Nath Namrata, Lee Sang-Heon, Lee Ivan
UniSA STEM, University of South Australia, GPO Box 2471, Adelaide, SA, 5001, Australia.
UniSA STEM, University of South Australia, Adelaide, Australia.
Comput Biol Med. 2023 Oct;165:107422. doi: 10.1016/j.compbiomed.2023.107422. Epub 2023 Aug 30.

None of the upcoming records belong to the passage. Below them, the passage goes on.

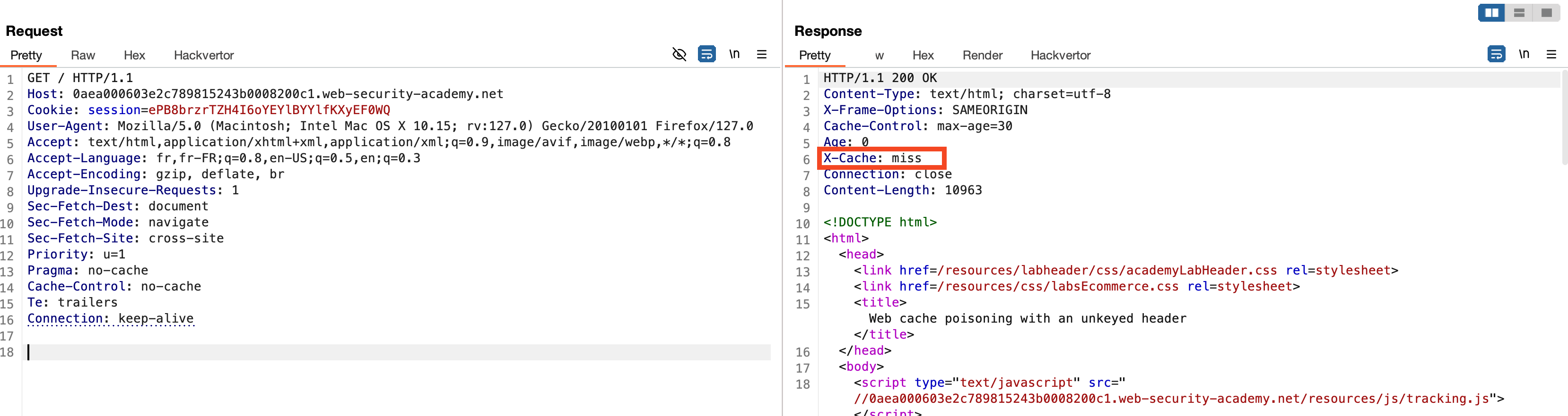 In this example, the geolocate.js JavaScript file with the parameter callback=setCountryCookie is cached by the remote server and loaded from the website. When testing by modifying the value of the callback parameter, we notice that it is part of the cache key (indicated by X-Cache: miss when the value is changed).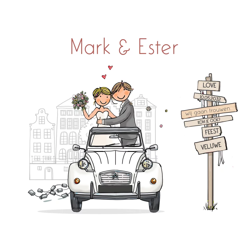 Trouwkaart bruidspaar Citroen cv wit, bordjes op paal en dwarrelende bloemen. Alle illustraties zijn vervangbaar uit de clipart. Zo kun je helemaal naar wens je trouwkaart samenstellen.
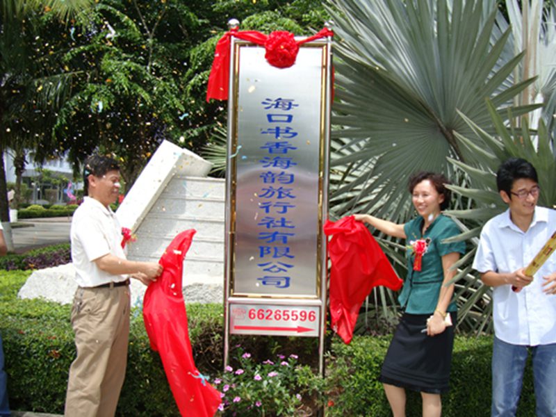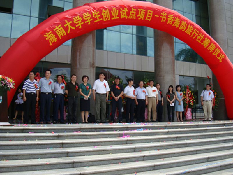 为了响应和贯彻《2009年海南共青团促进青年就业创业行动实施方案》文件精神,重树海南旅游服务新形象,为海南国际旅游岛的建设贡献力量,公司积极参与、大胆创新,并于2009年5月15日上午10:30在伟德bv1946官网旅游公司四号教学楼前广场隆重举行了海南省老员工创业试点项目——海口书香海韵旅行社有限公司挂牌仪式。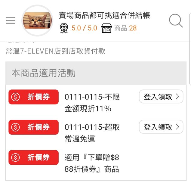 使用7-11 OP會員結帳前領取全站折價券及免運券(折價券使用期限01/11至01/15)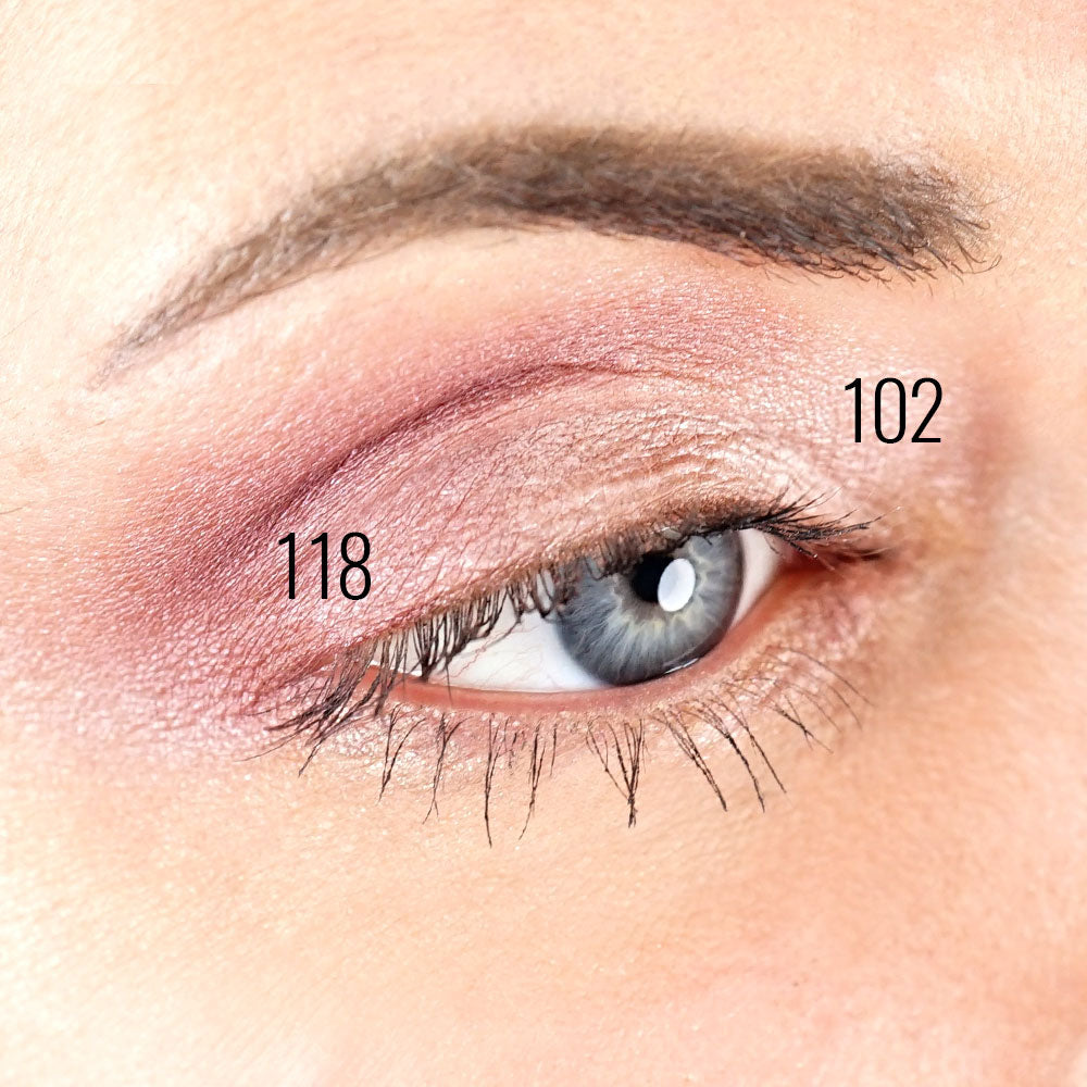 EYESHADOWS PEARLY FROM 102 TO 136 (F12): MICA, SQUALANE, ORYZA SATIVA (RICE) POWDER*, ZEA MAYS (CORN) STARCH*, ZINC STEARATE, OLIVE OIL DECYL ESTERS**, PARFUM (FRAGRANCE), TOCOPHEROL, SQUALENE, LINUM USITATISSIMUM (LINSEED) SEED OIL*, GLYCINE SOJA (SOYBEAN) OIL*, ALPHA-GLUCAN OLIGOSACCHARIDE, AQUA (WATER), OLEA EUROPAEA (OLIVE) LEAF EXTRACT, OLEA EUROPAEA (OLIVE) FRUIT EXTRACT, ALCOHOL, BAMBUSA ARUNDINACEA STEM POWDER, BISABOLOL, ZINGIBER OFFICINALE (GINGER) ROOT EXTRACT. MAY CONTAIN +/-: CI 77891, CI 77491, CI 77492, CI 77499, CI 77510, CI 77007, CI 77288, CI 77742. *ingredients from Organic Farming. **processed from organic ingredients.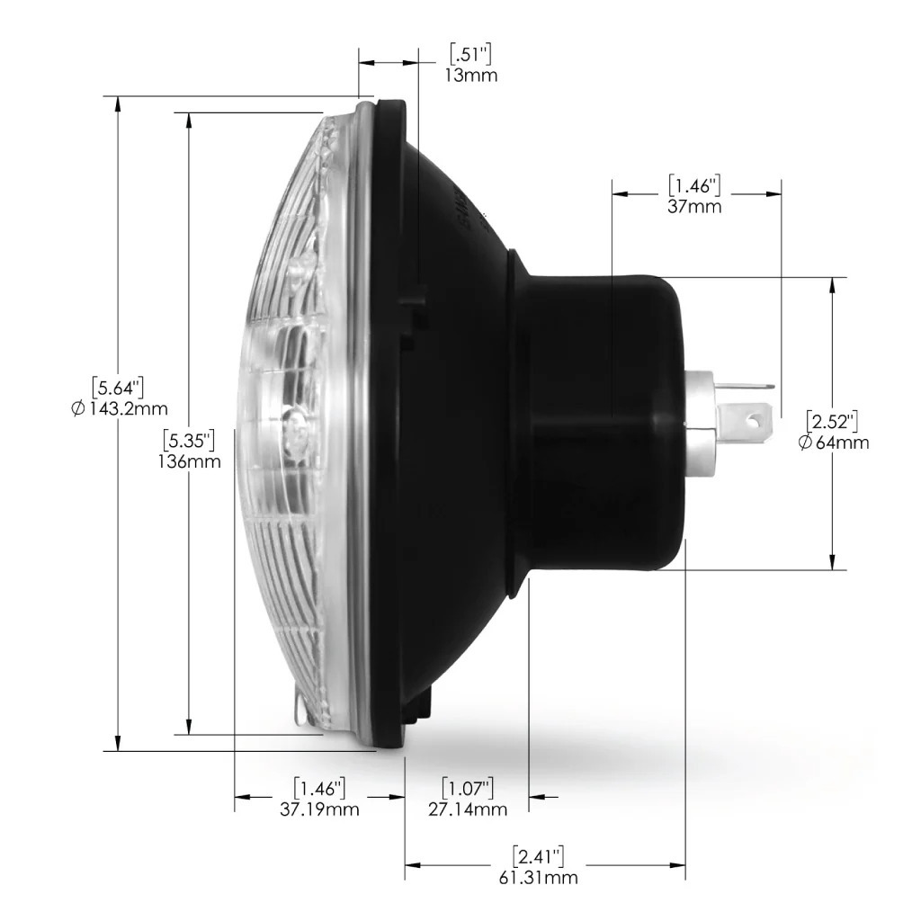 5.75" Chrome – Low/High Beam Classic 5.75" chrome headlight with modern LED technology. Designed to replace traditional sealed beam units and fit directly into the original mounting on classic cars and pickups. Specifications: Function: Low beam / High beam Diameter: 5.75" Lens: Real glass Light source: LED projector Color temperature: 4300K (warm white) Voltage: 12 V Power: 13 W (approx. 1.1 A) Beam pattern: Right-hand traffic Approval: E-marked Installation: Plug & Play – no relays or additional wiring required Package includes: 1 × 5.75" Chrome LED headlight, low/high beam Provides clear and stable lighting without glare while maintaining the classic sealed beam appearance. A perfect upgrade for classic cars, hot rods, and pickups.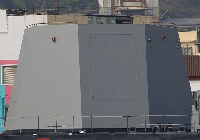 高雄艦前部甲板用來裝載中科院相位陣列雷達的「八角塔」,此時雷達已經拆除。

Notes documented by clinicians, such as patient histories, hospital courses, lab reports and others are often annotated with standardized clinical codes by medical coders to facilitate a variety of secondary processing applications such as billing and statistical analyses. Clinical coding, traditionally manual and labor-intensive, has seen a surge in research interest by deep learning researchers pursuing to automate it. However, deep learning methods require large volumes of annotated clinical data for training and offer little to explain why codes were assigned to pieces of text. In this paper, we propose an unsupervised method which does not need annotated clinical text and is fully interpretable, by using Named Entity and Attribute Recognition and word embeddings specialized for the clinical domain. These methods successfully glean important information from large volumes of clinical notes and encode them effectively in order to perform automatic clinical coding.
临床医生记录的笔记,如患者病史、住院过程、实验室报告等,通常由医学编码员用标准化临床代码进行注释,以促进各种二次处理应用,如计费和统计分析。传统上,临床编码是人工的且劳动强度大,这引发了深度学习研究人员的浓厚兴趣,他们试图实现其自动化。然而,深度学习方法需要大量带注释的临床数据进行训练,并且几乎无法解释为何将代码分配给文本片段。在本文中,我们提出一种无监督方法,该方法无需带注释的临床文本且完全可解释,通过使用命名实体和属性识别以及专门针对临床领域的词嵌入来实现。这些方法成功地从大量临床笔记中收集重要信息并对其进行有效编码,以执行自动临床编码。